_EXTRACTED RECORDS_
%%

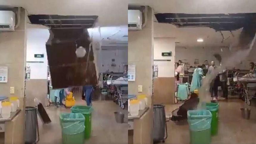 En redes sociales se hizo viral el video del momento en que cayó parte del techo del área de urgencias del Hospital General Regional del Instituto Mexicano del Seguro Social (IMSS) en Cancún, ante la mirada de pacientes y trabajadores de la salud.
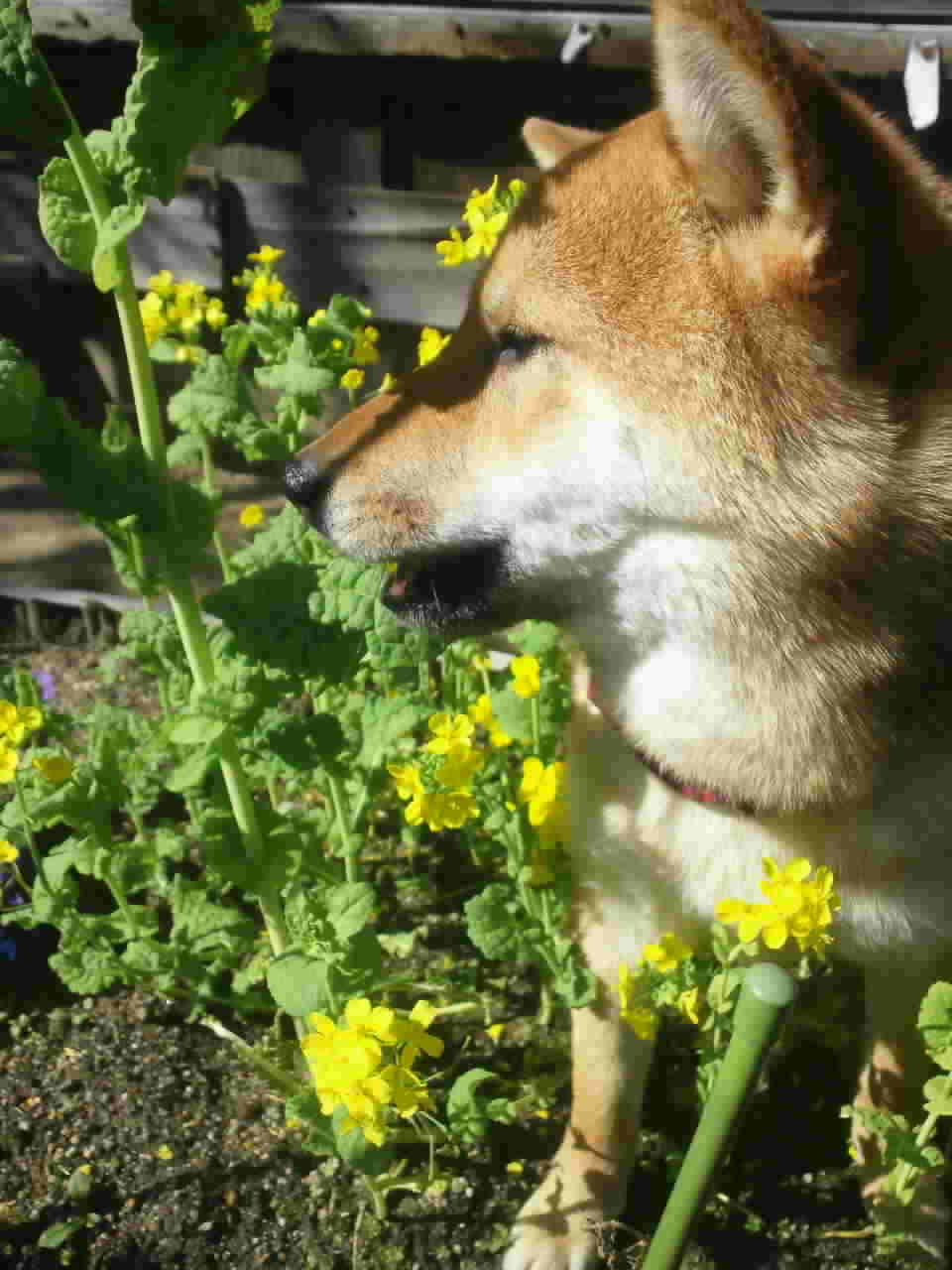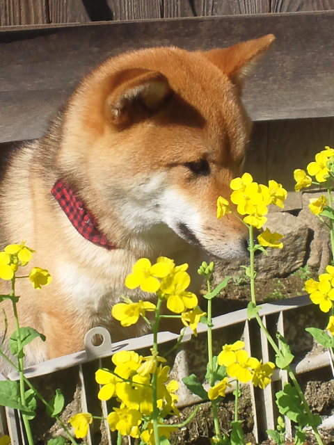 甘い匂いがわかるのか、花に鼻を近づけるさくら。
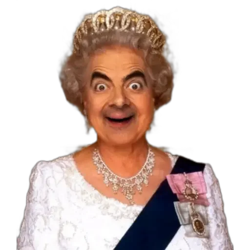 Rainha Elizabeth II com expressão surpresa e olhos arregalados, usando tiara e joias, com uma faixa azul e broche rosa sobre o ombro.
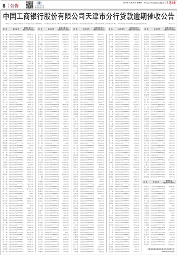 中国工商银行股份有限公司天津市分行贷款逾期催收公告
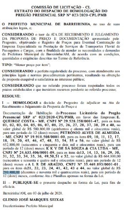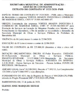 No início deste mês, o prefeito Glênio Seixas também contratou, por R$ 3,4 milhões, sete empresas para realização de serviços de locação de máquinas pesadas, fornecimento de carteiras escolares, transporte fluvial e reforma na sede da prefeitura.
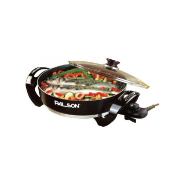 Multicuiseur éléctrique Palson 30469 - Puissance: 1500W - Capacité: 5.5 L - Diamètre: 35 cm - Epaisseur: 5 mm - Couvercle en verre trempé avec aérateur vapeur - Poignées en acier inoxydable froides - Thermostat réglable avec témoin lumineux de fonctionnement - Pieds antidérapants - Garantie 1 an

%%
%%

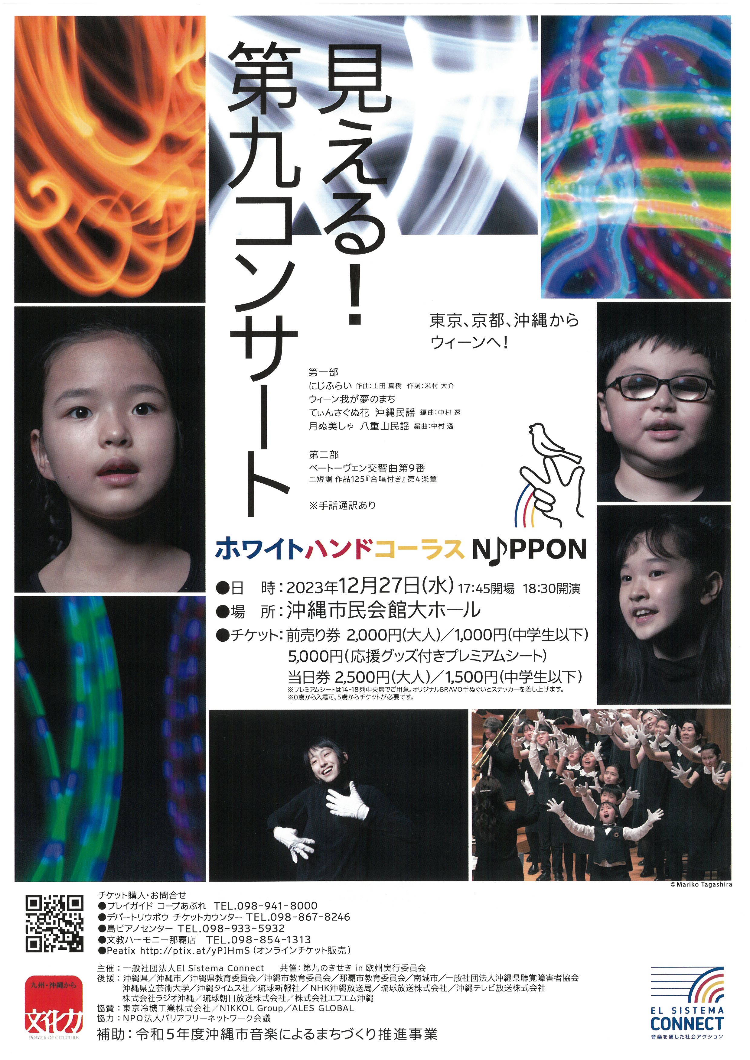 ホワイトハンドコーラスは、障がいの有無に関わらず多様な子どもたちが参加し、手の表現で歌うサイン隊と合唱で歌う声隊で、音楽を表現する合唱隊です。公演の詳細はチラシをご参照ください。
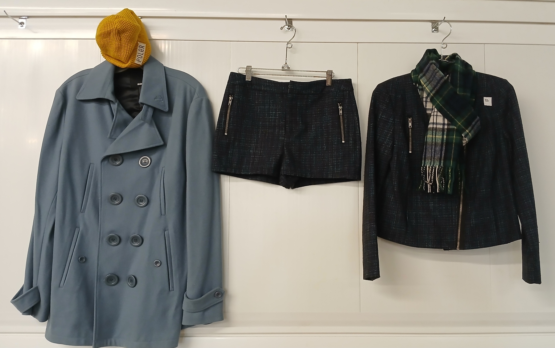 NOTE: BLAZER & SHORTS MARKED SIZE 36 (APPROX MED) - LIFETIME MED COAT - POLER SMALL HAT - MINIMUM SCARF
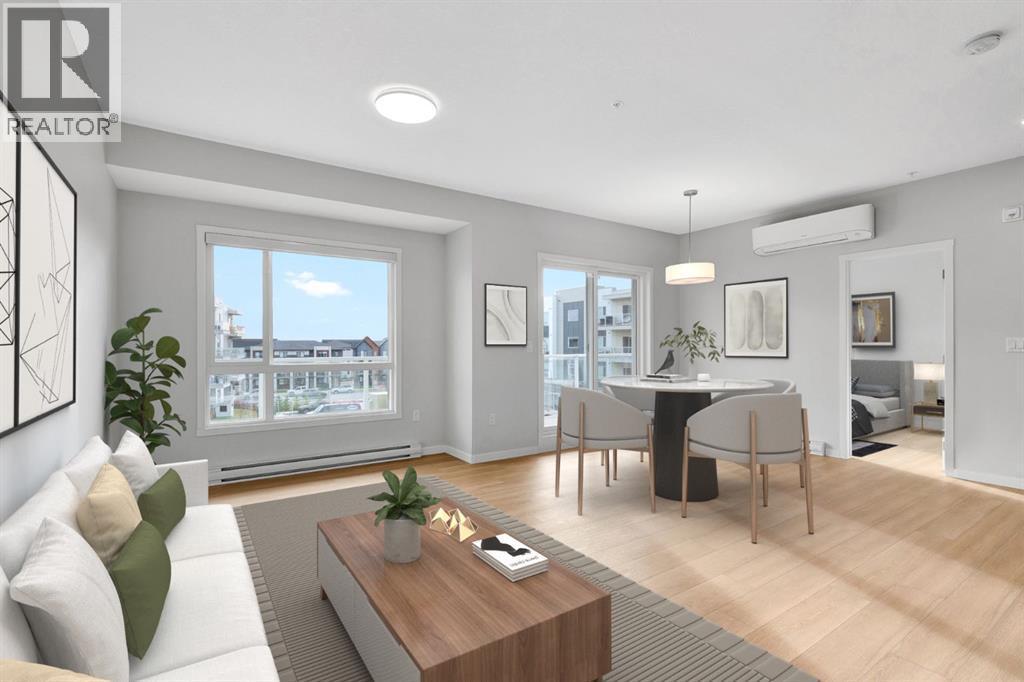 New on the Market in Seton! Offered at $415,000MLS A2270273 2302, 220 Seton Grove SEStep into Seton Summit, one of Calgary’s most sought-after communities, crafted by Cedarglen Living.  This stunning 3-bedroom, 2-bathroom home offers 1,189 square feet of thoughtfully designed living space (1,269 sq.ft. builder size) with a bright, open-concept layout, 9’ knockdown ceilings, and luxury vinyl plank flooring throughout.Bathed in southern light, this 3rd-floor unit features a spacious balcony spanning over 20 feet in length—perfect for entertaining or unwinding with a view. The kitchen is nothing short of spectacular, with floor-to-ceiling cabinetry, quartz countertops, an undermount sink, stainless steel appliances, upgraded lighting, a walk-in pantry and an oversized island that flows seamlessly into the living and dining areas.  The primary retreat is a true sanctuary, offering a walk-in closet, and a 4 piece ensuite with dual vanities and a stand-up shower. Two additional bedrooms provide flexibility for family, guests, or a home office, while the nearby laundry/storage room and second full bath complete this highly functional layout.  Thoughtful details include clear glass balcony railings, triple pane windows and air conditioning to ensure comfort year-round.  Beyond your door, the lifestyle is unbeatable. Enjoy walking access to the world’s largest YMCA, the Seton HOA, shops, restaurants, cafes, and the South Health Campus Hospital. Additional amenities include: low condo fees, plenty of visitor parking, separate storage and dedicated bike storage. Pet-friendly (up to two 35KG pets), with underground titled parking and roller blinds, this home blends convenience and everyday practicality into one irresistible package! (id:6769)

%%

Using the entries above, write out exactly the lines from the one with "En redes sociales" through the one with "Multicuiseur éléctrique Palson", ends included. Leave out any pictures.

_YOUR RESPONSE_
 En redes sociales se hizo viral el video del momento en que cayó parte del techo del área de urgencias del Hospital General Regional del Instituto Mexicano del Seguro Social (IMSS) en Cancún, ante la mirada de pacientes y trabajadores de la salud.
 甘い匂いがわかるのか、花に鼻を近づけるさくら。
 Rainha Elizabeth II com expressão surpresa e olhos arregalados, usando tiara e joias, com uma faixa azul e broche rosa sobre o ombro.
 中国工商银行股份有限公司天津市分行贷款逾期催收公告
 No início deste mês, o prefeito Glênio Seixas também contratou, por R$ 3,4 milhões, sete empresas para realização de serviços de locação de máquinas pesadas, fornecimento de carteiras escolares, transporte fluvial e reforma na sede da prefeitura.
 Multicuiseur éléctrique Palson 30469 - Puissance: 1500W - Capacité: 5.5 L - Diamètre: 35 cm - Epaisseur: 5 mm - Couvercle en verre trempé avec aérateur vapeur - Poignées en acier inoxydable froides - Thermostat réglable avec témoin lumineux de fonctionnement - Pieds antidérapants - Garantie 1 an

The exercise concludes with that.